# Dataset entries:
--- START ---
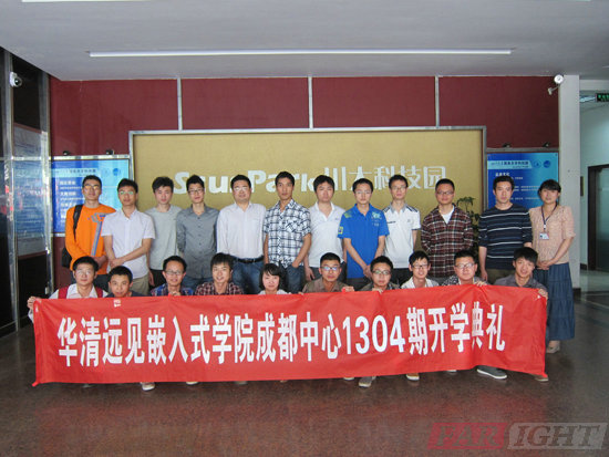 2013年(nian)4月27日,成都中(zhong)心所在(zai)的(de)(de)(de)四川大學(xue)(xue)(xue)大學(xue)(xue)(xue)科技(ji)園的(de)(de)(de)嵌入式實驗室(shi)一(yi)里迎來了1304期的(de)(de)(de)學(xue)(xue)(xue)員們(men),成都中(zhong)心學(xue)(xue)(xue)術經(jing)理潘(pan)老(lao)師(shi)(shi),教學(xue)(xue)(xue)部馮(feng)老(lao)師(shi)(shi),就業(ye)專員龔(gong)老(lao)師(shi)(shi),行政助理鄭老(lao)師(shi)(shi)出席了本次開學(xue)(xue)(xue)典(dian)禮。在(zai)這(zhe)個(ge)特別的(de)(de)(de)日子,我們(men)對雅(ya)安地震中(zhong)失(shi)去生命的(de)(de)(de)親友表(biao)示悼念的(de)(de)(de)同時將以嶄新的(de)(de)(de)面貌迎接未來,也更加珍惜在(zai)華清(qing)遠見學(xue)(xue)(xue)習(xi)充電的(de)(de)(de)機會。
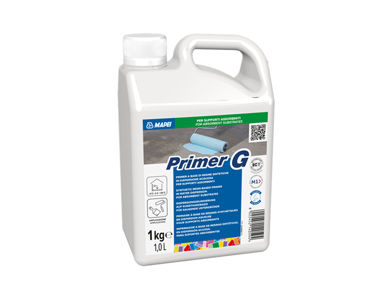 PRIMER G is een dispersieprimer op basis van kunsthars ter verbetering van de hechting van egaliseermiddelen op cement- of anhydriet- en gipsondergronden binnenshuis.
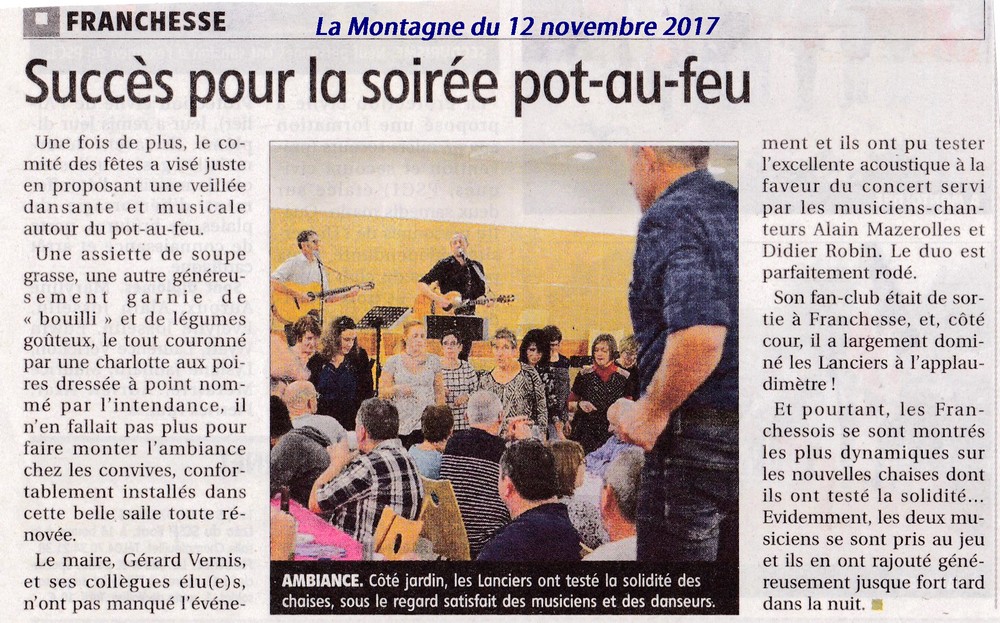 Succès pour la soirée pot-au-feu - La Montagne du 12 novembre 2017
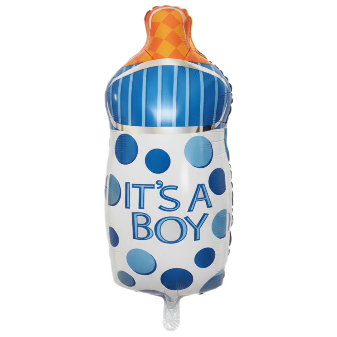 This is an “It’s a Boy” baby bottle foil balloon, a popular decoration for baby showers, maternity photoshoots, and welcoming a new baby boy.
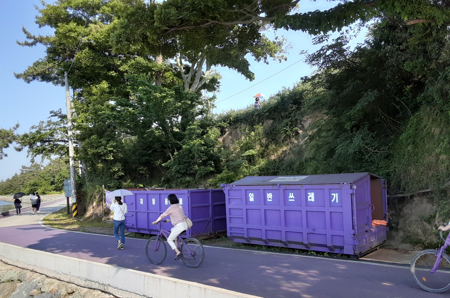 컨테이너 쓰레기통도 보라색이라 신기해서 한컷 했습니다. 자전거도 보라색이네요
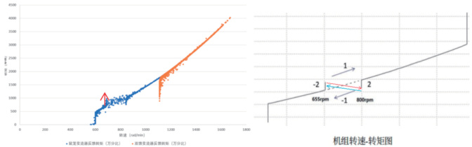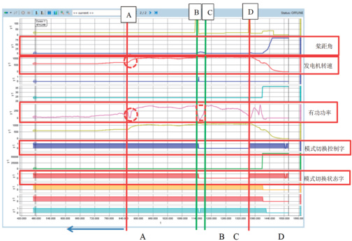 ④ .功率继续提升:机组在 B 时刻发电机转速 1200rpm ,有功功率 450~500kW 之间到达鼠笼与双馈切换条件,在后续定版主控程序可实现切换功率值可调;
--- END ---
--- START ---
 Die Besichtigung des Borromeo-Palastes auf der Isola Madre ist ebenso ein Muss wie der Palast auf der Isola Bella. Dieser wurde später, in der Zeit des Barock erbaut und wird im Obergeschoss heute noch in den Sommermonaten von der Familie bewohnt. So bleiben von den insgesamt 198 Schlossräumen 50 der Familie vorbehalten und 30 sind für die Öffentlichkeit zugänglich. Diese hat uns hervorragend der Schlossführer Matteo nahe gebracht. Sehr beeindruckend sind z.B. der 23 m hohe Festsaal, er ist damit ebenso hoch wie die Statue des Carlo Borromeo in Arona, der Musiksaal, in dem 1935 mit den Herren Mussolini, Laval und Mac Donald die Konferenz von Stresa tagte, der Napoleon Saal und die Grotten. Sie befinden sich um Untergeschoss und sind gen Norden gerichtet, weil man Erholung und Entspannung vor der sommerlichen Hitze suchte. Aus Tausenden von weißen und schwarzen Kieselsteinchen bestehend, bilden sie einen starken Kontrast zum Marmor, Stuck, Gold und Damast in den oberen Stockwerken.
--- END ---
# About this task:
Exact repeat of the material above: every line from the one with "new baby boy." through the one with "④ .功率继续提升:机组在 B", endpoints included, and nothing more. No pictures.

# Response box:
 This is an “It’s a Boy” baby bottle foil balloon, a popular decoration for baby showers, maternity photoshoots, and welcoming a new baby boy.
 컨테이너 쓰레기통도 보라색이라 신기해서 한컷 했습니다. 자전거도 보라색이네요
 ④ .功率继续提升:机组在 B 时刻发电机转速 1200rpm ,有功功率 450~500kW 之间到达鼠笼与双馈切换条件,在后续定版主控程序可实现切换功率值可调;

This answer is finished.